INSTRUCTIONS TO FOLLOW: Write out the data that follows exactly, keeping every picture out.

---- AVAILABLE DATA

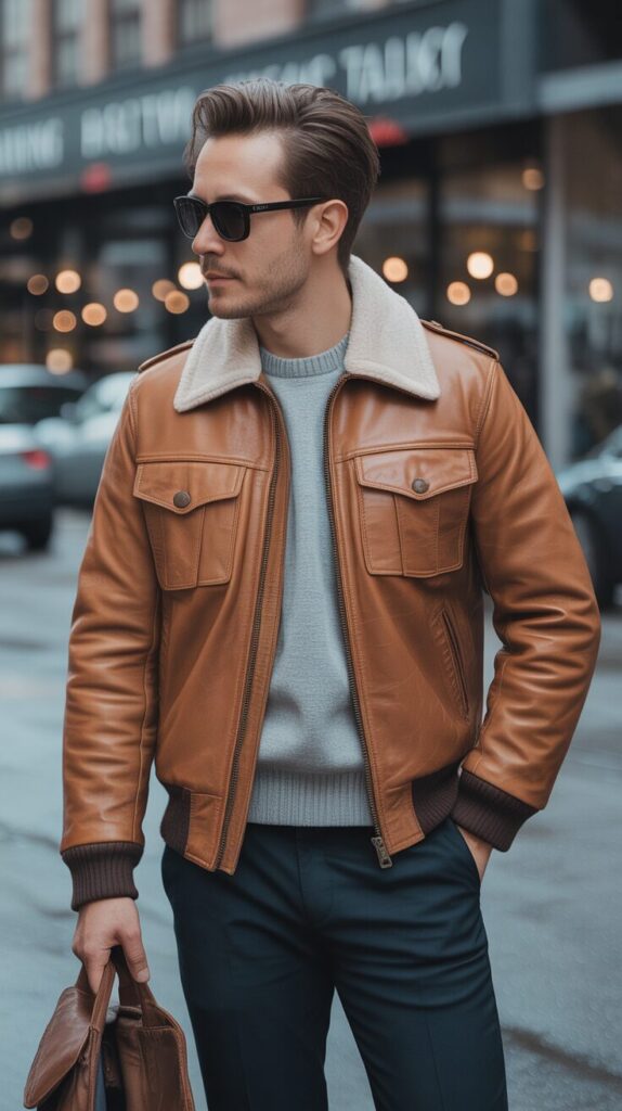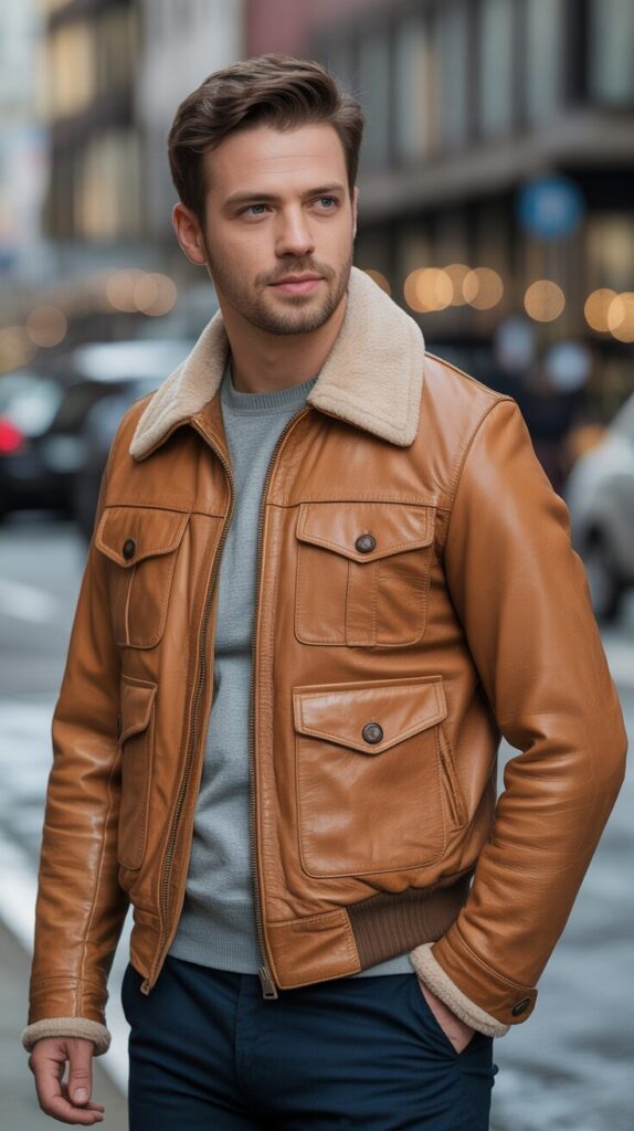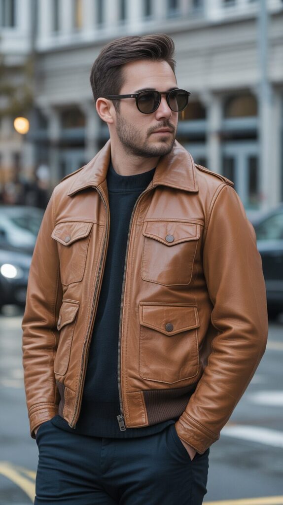 Camel is one of the most versatile colors in men’s fashion. Its warm, natural tone pairs easily with neutral, dark, and earth-tone outfits. This makes the camel flying jacket easier to style than black or brown leather jackets. The soft tan shade enhances a mature, masculine aesthetic without looking too bold. It also photographs well, making it perfect for social media style posts. Camel outerwear always delivers a premium, timeless look.
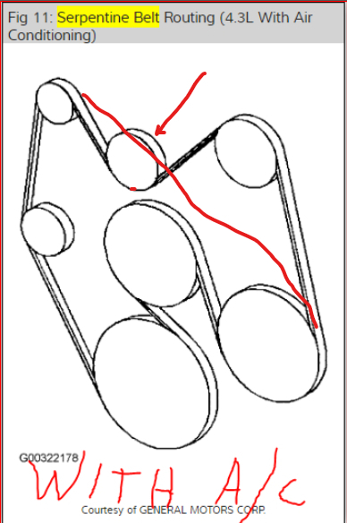 I've attached two pictures of the belt diagrams one with A/C, and one without. Usually if your car is equipped with factory air the compressor has to be removed and an idler pulley put in its place.
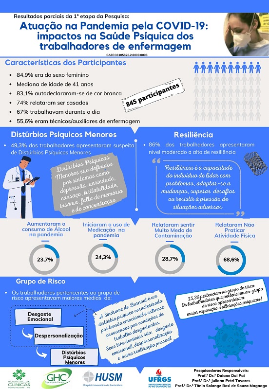 A Gerência de Ensino e Pesquisa convida você, que é trabalhador de enfermagem do Grupo Hospitalar Conceição, para responder à segunda fase da pesquisa "Atuação na pandemia pela Covid-19: impactos na saúde dos trabalhadores de enfermagem". Clique aqui para preencher o formulário.
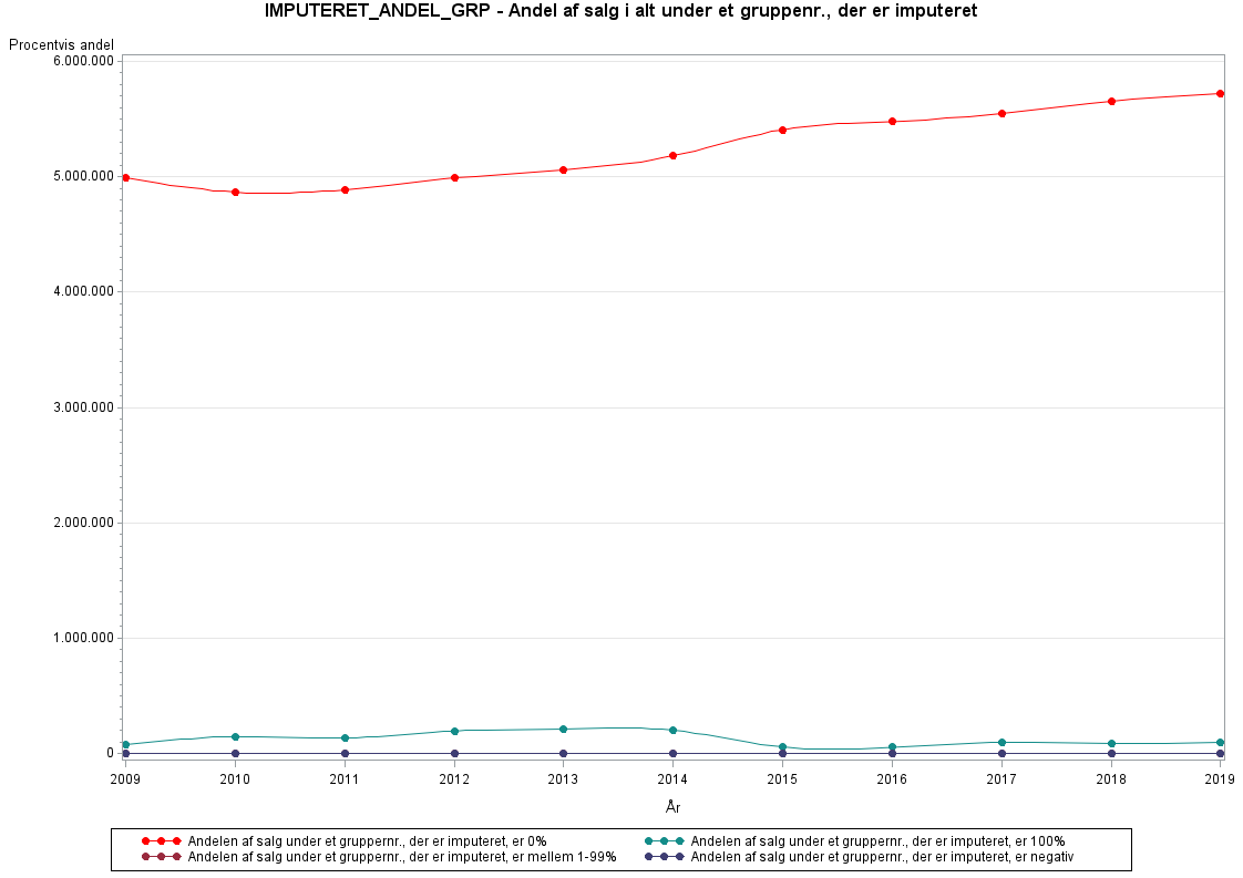 For hvert CVR-nummer, der er i gruppen, angives det, hvor stor en andel af salg_ialt, der er imputeret. Gruppenummeret dækker over de firmaer eller det firma, som momsen er beregnet for.Detaljeret beskrivelse
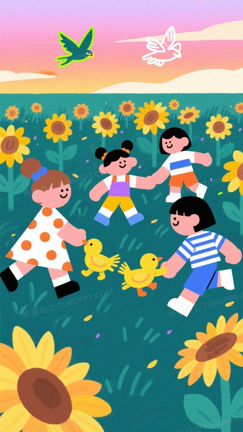 本作品内容为矢量扁平化构图五个孩童在向日葵花田玩老鹰捉小鸡, 格式为 jpg, 大小1 MB, 图片尺寸为936 x 1664, 源文件无水印, 欢迎使用熊猫办公。 如认为平台内容涉嫌侵权,可通过邮件:tousu@tukuppt.com提出书面通知,我们将及时处理。
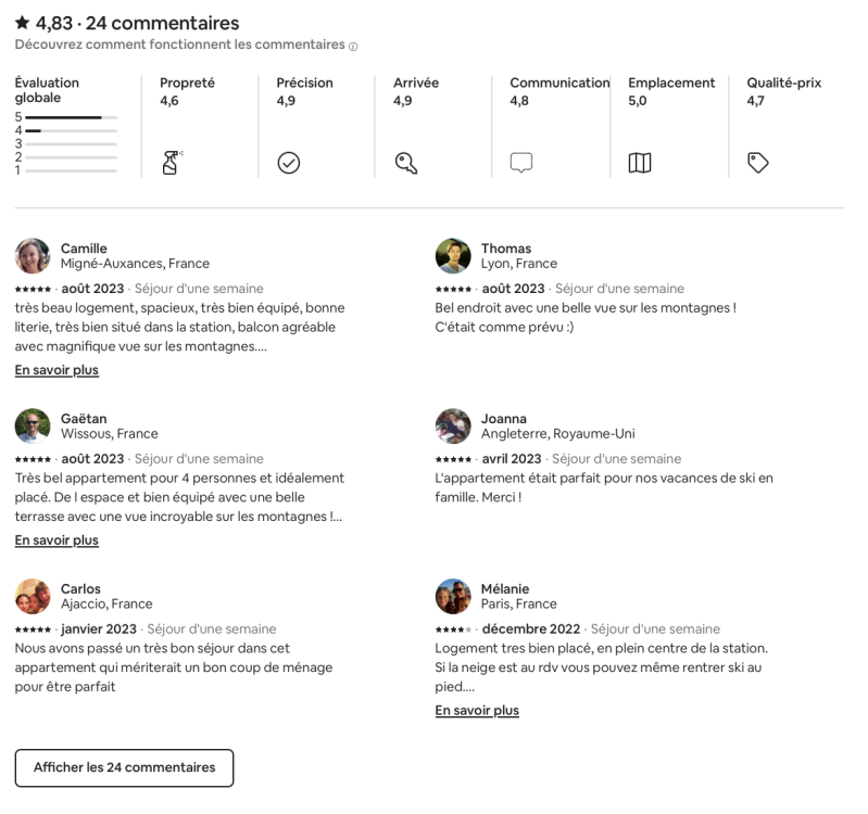 Avis Airbnb : 4,8
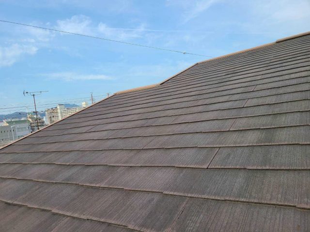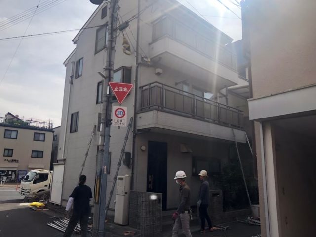 今回はサイディングの塗装工事とベランダ部分の防水処理、屋根の塗装工事でご依頼頂き約3週間の工期で仕上げました。3週間の工期といっても皆さんご存じのとおり塗装工事でやっかいな事は天候です。雨が降れば塗装工事は止まってしまうので実際のところ大幅に工期が伸びることもあり、そこは神経を使う所でもあります。役所へ足場の為の道路許可を申請しているにも関わらず雨続きでは余分目にみていた期間を過ぎてしまうことも稀ではありません。お天気を考えながら着工日を決めることももちろん大切な施工管理のお仕事なんです。
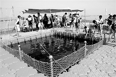 8月23日,山东省威海市,入秋以来,荣成市“海洋牧场”游继续升温。近年来,荣成市围绕10大海湾,整合现有海上养殖资源,完善旅游配套设施,规划建设了10处、确权海域面积不低于5000亩的海上休闲观光采摘园区,深得游客青睐。林海珍/CFP
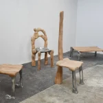 This chair by Sai.E Studio is crafted from carved beech wood and aluminum mold casting. TPF (The Parasitic Factors) series, inspired by the artist’s personal experiences, explores natural relationships and reflects insights gained through these observations.
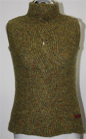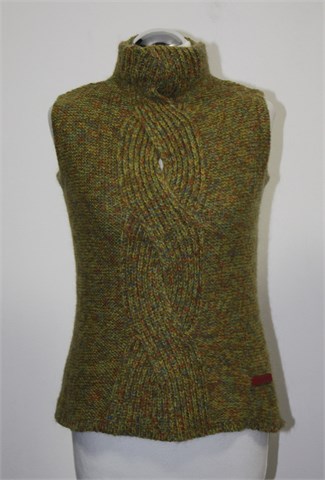 Respect vesta bez rukava/dolčevita prošarano zelene boje. Sa prednje strane uzorak pletenice. Pletivo srednje debljine, mekano, mucasto i rastezljivo.

--------

EXERCISE SOLUTION:
 Camel is one of the most versatile colors in men’s fashion. Its warm, natural tone pairs easily with neutral, dark, and earth-tone outfits. This makes the camel flying jacket easier to style than black or brown leather jackets. The soft tan shade enhances a mature, masculine aesthetic without looking too bold. It also photographs well, making it perfect for social media style posts. Camel outerwear always delivers a premium, timeless look.
 I've attached two pictures of the belt diagrams one with A/C, and one without. Usually if your car is equipped with factory air the compressor has to be removed and an idler pulley put in its place.
 A Gerência de Ensino e Pesquisa convida você, que é trabalhador de enfermagem do Grupo Hospitalar Conceição, para responder à segunda fase da pesquisa "Atuação na pandemia pela Covid-19: impactos na saúde dos trabalhadores de enfermagem". Clique aqui para preencher o formulário.
 For hvert CVR-nummer, der er i gruppen, angives det, hvor stor en andel af salg_ialt, der er imputeret. Gruppenummeret dækker over de firmaer eller det firma, som momsen er beregnet for.Detaljeret beskrivelse
 本作品内容为矢量扁平化构图五个孩童在向日葵花田玩老鹰捉小鸡, 格式为 jpg, 大小1 MB, 图片尺寸为936 x 1664, 源文件无水印, 欢迎使用熊猫办公。 如认为平台内容涉嫌侵权,可通过邮件:tousu@tukuppt.com提出书面通知,我们将及时处理。
 Avis Airbnb : 4,8
 今回はサイディングの塗装工事とベランダ部分の防水処理、屋根の塗装工事でご依頼頂き約3週間の工期で仕上げました。3週間の工期といっても皆さんご存じのとおり塗装工事でやっかいな事は天候です。雨が降れば塗装工事は止まってしまうので実際のところ大幅に工期が伸びることもあり、そこは神経を使う所でもあります。役所へ足場の為の道路許可を申請しているにも関わらず雨続きでは余分目にみていた期間を過ぎてしまうことも稀ではありません。お天気を考えながら着工日を決めることももちろん大切な施工管理のお仕事なんです。
 8月23日,山东省威海市,入秋以来,荣成市“海洋牧场”游继续升温。近年来,荣成市围绕10大海湾,整合现有海上养殖资源,完善旅游配套设施,规划建设了10处、确权海域面积不低于5000亩的海上休闲观光采摘园区,深得游客青睐。林海珍/CFP
 This chair by Sai.E Studio is crafted from carved beech wood and aluminum mold casting. TPF (The Parasitic Factors) series, inspired by the artist’s personal experiences, explores natural relationships and reflects insights gained through these observations.
 Respect vesta bez rukava/dolčevita prošarano zelene boje. Sa prednje strane uzorak pletenice. Pletivo srednje debljine, mekano, mucasto i rastezljivo.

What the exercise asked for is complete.